Único oficial da Comissão Rondon sepultado em Rondônia tem túmulo profanado
Nem os mortos têm paz. Diz o adágio, com razão. O túmulo do Major Amarante foi recentemente profanado no Cemitério dos Inocentes, em Porto Velho. Arrancaram a placa de bronze do jazigo perpétuo do militar, que era genro do patrono de Rondônia, Marechal Cândido Rondon.
Rondônia é o único Estado brasileiro cujo nome homenageia uma pessoa; significa “terra de Rondon”, na definição do etnólogo e antropólogo Edgard Roquette-Pinto que inventou a palavra Rondônia, em 1917.
Em tempo: o imortal da Academia Brasileira de Letras, Roquette Pinto, “pai do rádio no Brasil”, acompanhou Rondon, Amarante e comitiva em uma das expedições a esta região, em 1912. Cinco ano depois, surgiu pela primeira vez a palavra Rondônia como título do livro que Roquette escreveu sobre sua experiência na região: “Rondônia – Antropologia etnográfica”, considerado um clássico da antropologia brasileira.
Consiste numa “relíquia”, ligada diretamente à família de Rondon, o túmulo do seu genro, Major Amarante. Que deveria ser cuidado e tombado como patrimônio histórico! Afinal, o major Emanuel Silvestre do Amarante é o único oficial da Comissão Rondon sepultado em Rondônia. Todos os outros passaram, contribuíram e seguiram seu rumo. Amarante ficou! Mesmo que morto!

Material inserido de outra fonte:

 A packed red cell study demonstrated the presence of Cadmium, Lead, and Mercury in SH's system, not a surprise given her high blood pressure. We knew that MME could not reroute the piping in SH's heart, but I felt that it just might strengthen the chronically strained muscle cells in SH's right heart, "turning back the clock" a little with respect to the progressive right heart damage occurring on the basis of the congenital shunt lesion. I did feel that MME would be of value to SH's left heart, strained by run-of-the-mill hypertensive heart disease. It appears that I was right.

A singela placa que foi retirada do jazigo perpétuo continha uma homanagem prestada em 2016 pela Amarante pela Academia Rondoniense de Letras e a 17ª Brigada de Infantaria de Selva. Na época, houve até salva de tiros em honra ao ilustre personagem, engenheiro militar que ajudou a desbravar Rondônia colaborando, inclusive, com a cartografia regional, redesenhando o
mapa de boa parte deste lugar então chamado de “Terra Desconhecida”.
Uma curiosidade sobre Amarante: em 1912, ele foi o primeiro a guiar um veículo automotor entre os rios Juruena e Soporuba, no MT. Ele mesmo inventou algo posteriormente copiado mundo afora [dizem que até os tanques de guerra surgiram desse protótipo]: adaptou o “caminhãozinho”, traçando os pneus com tacos de madeira para garantir que pudessem rodar os 96 quilômetros no caminho conhecido como “picadão de Rondon”.

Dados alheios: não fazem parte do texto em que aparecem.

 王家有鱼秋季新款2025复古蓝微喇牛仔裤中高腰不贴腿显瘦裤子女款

Assim, o veículo transpôs o areião e o barro em cujas redondezas não haviam pastagens para as tropas dos militares. Com a invenção, foi possível a Amarante levar provimentos para os homens de Rondon a caminho da Serra do Norte — nome primitivo de Vilhena. Entre os sertanistas atendidos, lá estava o lendário cientista Roquette-Pinto.

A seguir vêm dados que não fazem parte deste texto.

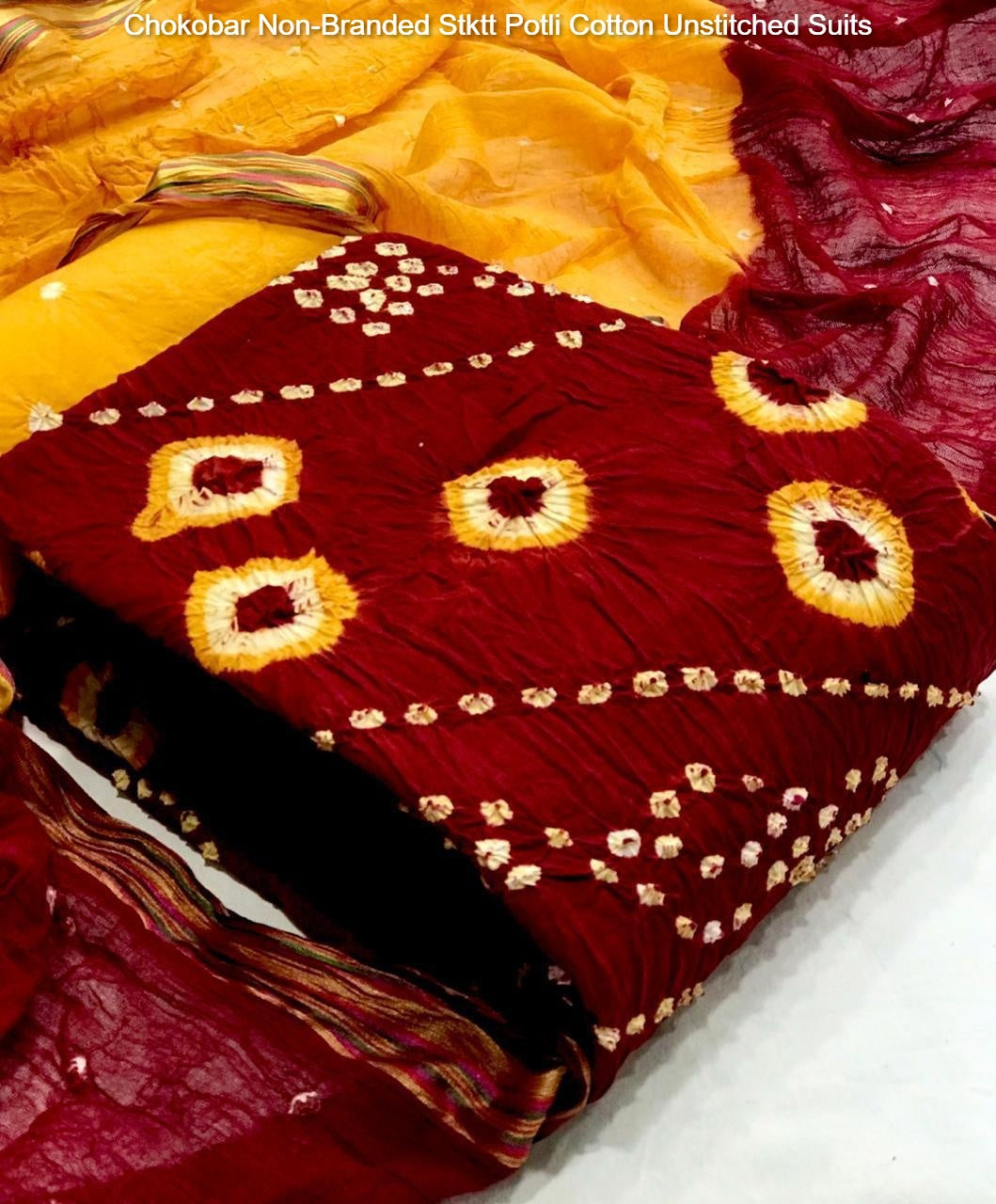 - Fabric Detail: Top : Original Potli Cotton Bandhni , Bottom : Cotton Print , Dupatta : Cotton With Banarasi Border ,

Major Amarante morreu em plena atividade, como diretor do distrito do telégrafo nacional sediado em Santo Antônio do Rio Madeira [cidade extinta em 1945 e incorporada a Porto Velho], uma imensa área que abrangia o território de quase todos os atuais municípios rondonienses.
Dilapidações de lápides têm sido comuns, cometidas, geralmente, por usuários de drogas que infestam as ruas do país. Muitos cemitérios no Brasil são alvos de pessoas que furtam objetos de valor e deixam os jazidos sem as identificações. Ninguém escapa. No Cemitério da Consolação, em São Paulo, por exemplo, “limparam” até o túmulo do ex-presidente da República, Washington Luís.
Além da perda material, a prática causa danos à memória e à história. Cemitérios são categorizados por muitos historiadores como museus a céu aberto. São fontes de pesquisa. Há, inclusive, apreciadores de arquitetura e de artes tumulares e, por isso, alguns campos santos ao redor do mundo — inclusive no Brasil — dispõem até de guias turísticos.
Vários visitantes do Cemitério dos Inocentes, localizado na região central da capital rondoniense, reclamam do estado de abandono e da falta de segurança do local. Afora os furtos, há muito mato e sujeira.
Na tentativa de se combater o fenômeno dos ataques, o Projeto de Lei 644/22, em trâmite na Câmara dos Deputados, torna crime a violação ou o furto de lápide de túmulo e determina que o infrator repare o dano.
O texto em análise na Câmara altera o Código Penal que, atualmente, tipifica como crime apenas a violação ou a profanação de sepultura ou urna funerária, com pena de reclusão, de um a três anos, e multa. O projeto inclui como sacrilégio a hipótese de furto, bem como a responsabilização econômica.
Mais do que criminalizar, porém, é preciso garantir a segurança das necrópoles. Quem furta as placas não tem muito a perder e precisa até de ajuda do Estado. São “zumbis”. O problema está em quem compra — certamente bem barato — as peças para derreter.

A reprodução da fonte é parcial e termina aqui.